Okay I have more questions! Hehe

Anyway so say you had a problem like this:

Consider the following velocity curve for a binary star system for the questions.
Positive velocities are radially away from the observer. The stars in the system are separated by
2.17E10 m and the observer is in the plane of the orbit.

What is the recessional velocity of the system?
What is the period of the binary system?
What is the total mass of the binary system, in solar masses?
What is the orbital velocity of the more massive of the two stars?
What is the orbital radius of the more massive of the two stars, in m?
What is the mass of the more massive of the two stars, in solar masses?

So... pretend there is a velocity curve there, and the period is 3.25 days, and the recessional velocity is 225 km/s...

How would you find the other properties asked in the questions?

Posted: **April 22nd, 2018, 3:25 pm**

I'm pretty new to this event and am having some difficulty with binary star system calculations. Any help would be much appreciated.

If you are given only a radial velocity curve and the period of a system, how can you calculate the total mass of the system? Also, how can you calculate the semi major axis?

Posted: **April 22nd, 2018, 4:17 pm**

astro12345 wrote:I'm pretty new to this event and am having some difficulty with binary star system calculations. Any help would be much appreciated.

If you are given only a radial velocity curve and the period of a system, how can you calculate the total mass of the system? Also, how can you calculate the semi major axis?

$circumference = period \cdot velocity$ - replace circumference with $2 \pi R$ , take the sum of the peak radial velocities as the velocity in this equation, and solve for $R$ . Summing the velocities beforehand simply bypasses solving for each object-barycenter distance separately and then adding them - this $R$ is actually just the distance between the two objects. This answers your second question, which you can use to solve for the total mass with Kepler's 3rd law.

Posted: **April 22nd, 2018, 4:25 pm**

NePickers5 wrote:Okay I have more questions! Hehe Anyway so say you had a problem like this:

Consider the following velocity curve for a binary star system for the questions.
Positive velocities are radially away from the observer. The stars in the system are separated by
2.17E10 m and the observer is in the plane of the orbit.

What is the recessional velocity of the system?
What is the period of the binary system?
What is the total mass of the binary system, in solar masses?
What is the orbital velocity of the more massive of the two stars?
What is the orbital radius of the more massive of the two stars, in m?
What is the mass of the more massive of the two stars, in solar masses?

So... pretend there is a velocity curve there, and the period is 3.25 days, and the recessional velocity is 225 km/s...

How would you find the other properties asked in the questions?

astro12345 wrote:I'm pretty new to this event and am having some difficulty with binary star system calculations. Any help would be much appreciated.
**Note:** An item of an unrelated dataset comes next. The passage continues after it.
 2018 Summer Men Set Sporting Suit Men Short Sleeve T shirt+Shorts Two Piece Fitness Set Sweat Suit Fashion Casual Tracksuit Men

If you are given only a radial velocity curve and the period of a system, how can you calculate the total mass of the system? Also, how can you calculate the semi major axis?

To calculate the total mass of the system, you can use this form of Kepler's Third Law: $\frac{a^3}{p^2}=M_{total}$ where $a$ is the semimajor axis in astronomical units, $p$ is the period in years, and $M_{total}$ is the mass of the system in solar masses. You get the semimajor axis from the given separation (2.17E10m) which you can convert to AU. You are also given the period in days, which you can convert to years.
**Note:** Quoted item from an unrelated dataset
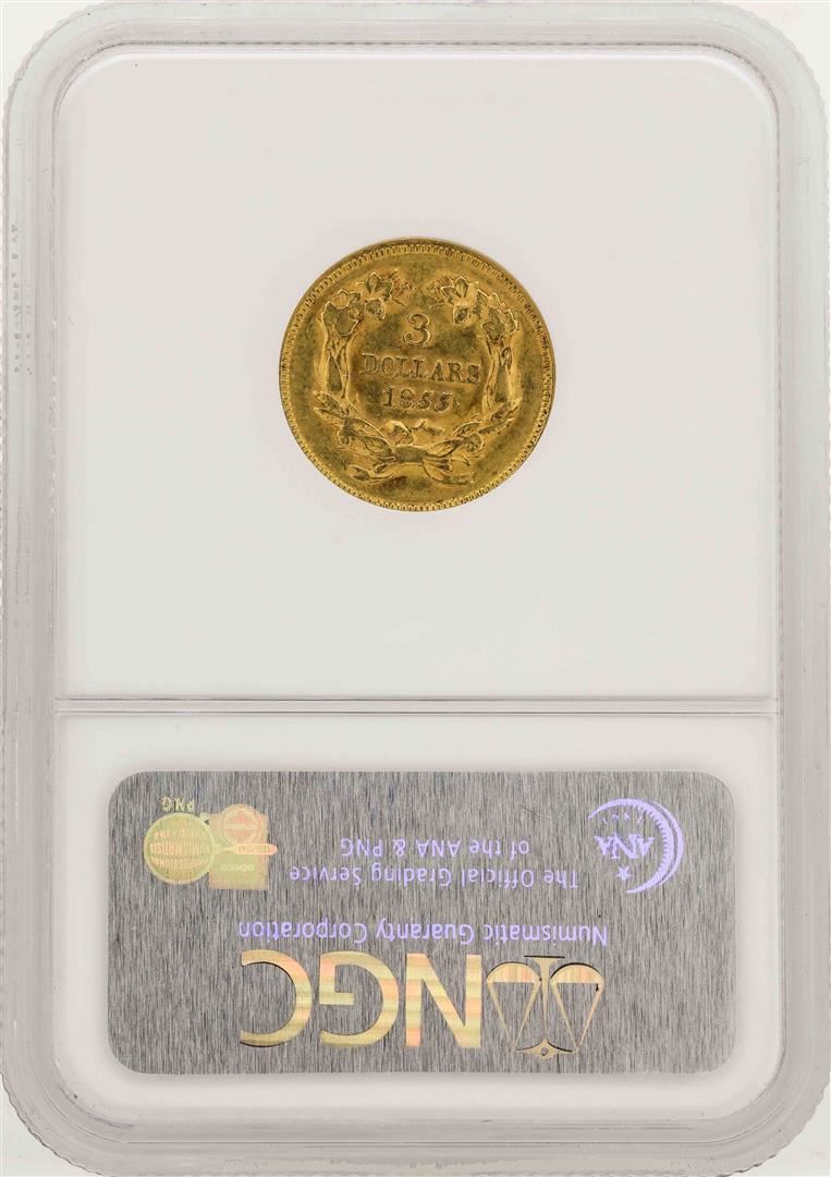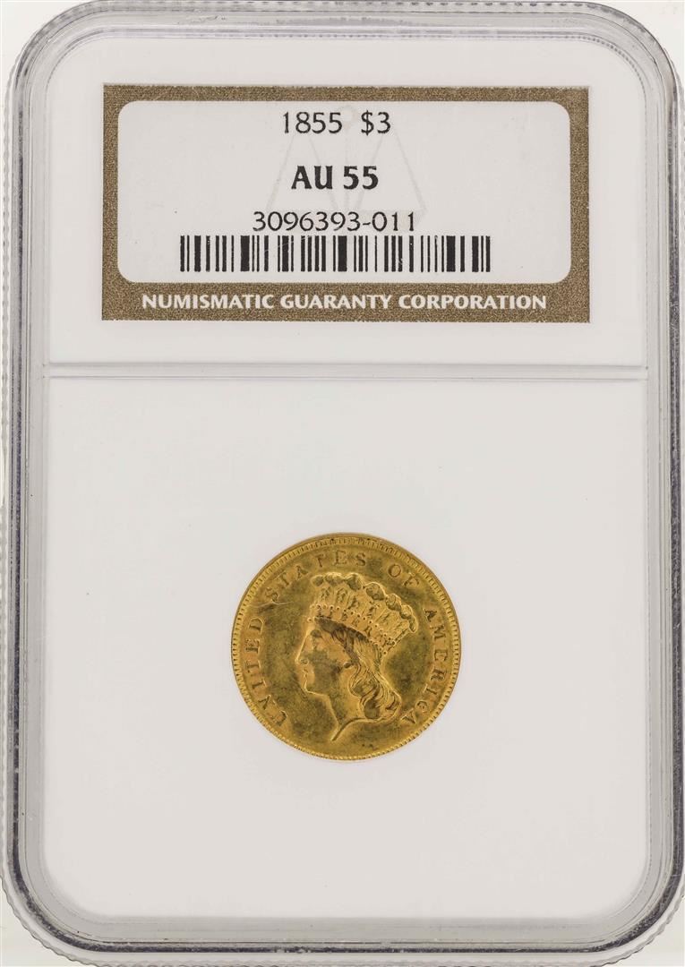 One 1855 $3 Indian Princess Head Gold Coin NGC AU55. NGC Certified.

For the other parts of the questions we need the radial velocity curve because we can determine what appears to be the maximum velocity of the smaller-amplitude star (the more massive one). In reality, this maximum velocity is just the "constant velocity" of the star because we are assuming that the stars have circular orbits and that we are in the plane of the orbit. This means we can determine the circumference of the orbit because we calculate the max velocity times the period. Once we have the circumference, we can determine the radius by $c=2\pi r$ . Once we have this information, we can determine the mass of the larger star because we know $m_1r_1=m_2r_2$ and $r_1+r_2=R$ (we know $r_1$ and $R$ so we can figure out $r_2$ ) as well as $m_1+m_2=M_{total}$ . We substitute and get $m_1r_1=(M_{total}-m_1)r_2$ . We isolate $m_1$ and get $m_1=\frac{M_{total}r_2}{r_1+r_2}$ or $m_1=M_{total} * \frac{r_2}{R}$ .

Hope this helped!

By the way, I started writing this before Unome posted so I didn't know he already answered this. Still, hopefully this (slightly) more in-depth answer helps with the intuition.
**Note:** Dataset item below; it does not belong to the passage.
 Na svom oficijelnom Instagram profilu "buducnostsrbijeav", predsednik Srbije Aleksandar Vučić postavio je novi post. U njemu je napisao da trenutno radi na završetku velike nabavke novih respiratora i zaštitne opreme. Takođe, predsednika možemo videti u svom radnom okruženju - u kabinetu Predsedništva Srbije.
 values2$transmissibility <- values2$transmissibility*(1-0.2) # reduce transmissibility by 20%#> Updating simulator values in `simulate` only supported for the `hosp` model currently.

Posted: **April 23rd, 2018, 1:42 pm**

jonboyage wrote:
NePickers5 wrote:Okay I have more questions! Hehe Anyway so say you had a problem like this:

Consider the following velocity curve for a binary star system for the questions.
Positive velocities are radially away from the observer. The stars in the system are separated by
2.17E10 m and the observer is in the plane of the orbit.

What is the recessional velocity of the system?
What is the period of the binary system?
What is the total mass of the binary system, in solar masses?
What is the orbital velocity of the more massive of the two stars?
What is the orbital radius of the more massive of the two stars, in m?
What is the mass of the more massive of the two stars, in solar masses?

So... pretend there is a velocity curve there, and the period is 3.25 days, and the recessional velocity is 225 km/s...

How would you find the other properties asked in the questions?

astro12345 wrote:I'm pretty new to this event and am having some difficulty with binary star system calculations. Any help would be much appreciated.

If you are given only a radial velocity curve and the period of a system, how can you calculate the total mass of the system? Also, how can you calculate the semi major axis?
To calculate the total mass of the system, you can use this form of Kepler's Third Law: $\frac{a^3}{p^2}=M_{total}$ where $a$ is the semimajor axis in astronomical units, $p$ is the period in years, and $M_{total}$ is the mass of the system in solar masses. You get the semimajor axis from the given separation (2.17E10m) which you can convert to AU. You are also given the period in days, which you can convert to years.

For the other parts of the questions we need the radial velocity curve because we can determine what appears to be the maximum velocity of the smaller-amplitude star (the more massive one). In reality, this maximum velocity is just the "constant velocity" of the star because we are assuming that the stars have circular orbits and that we are in the plane of the orbit. This means we can determine the circumference of the orbit because we calculate the max velocity times the period. Once we have the circumference, we can determine the radius by $c=2\pi r$ . Once we have this information, we can determine the mass of the larger star because we know $m_1r_1=m_2r_2$ and $r_1+r_2=R$ (we know $r_1$ and $R$ so we can figure out $r_2$ ) as well as $m_1+m_2=M_{total}$ . We substitute and get $m_1r_1=(M_{total}-m_1)r_2$ . We isolate $m_1$ and get $m_1=\frac{M_{total}r_2}{r_1+r_2}$ or $m_1=M_{total} * \frac{r_2}{R}$ .

Hope this helped!

By the way, I started writing this before Unome posted so I didn't know he already answered this. Still, hopefully this (slightly) more in-depth answer helps with the intuition.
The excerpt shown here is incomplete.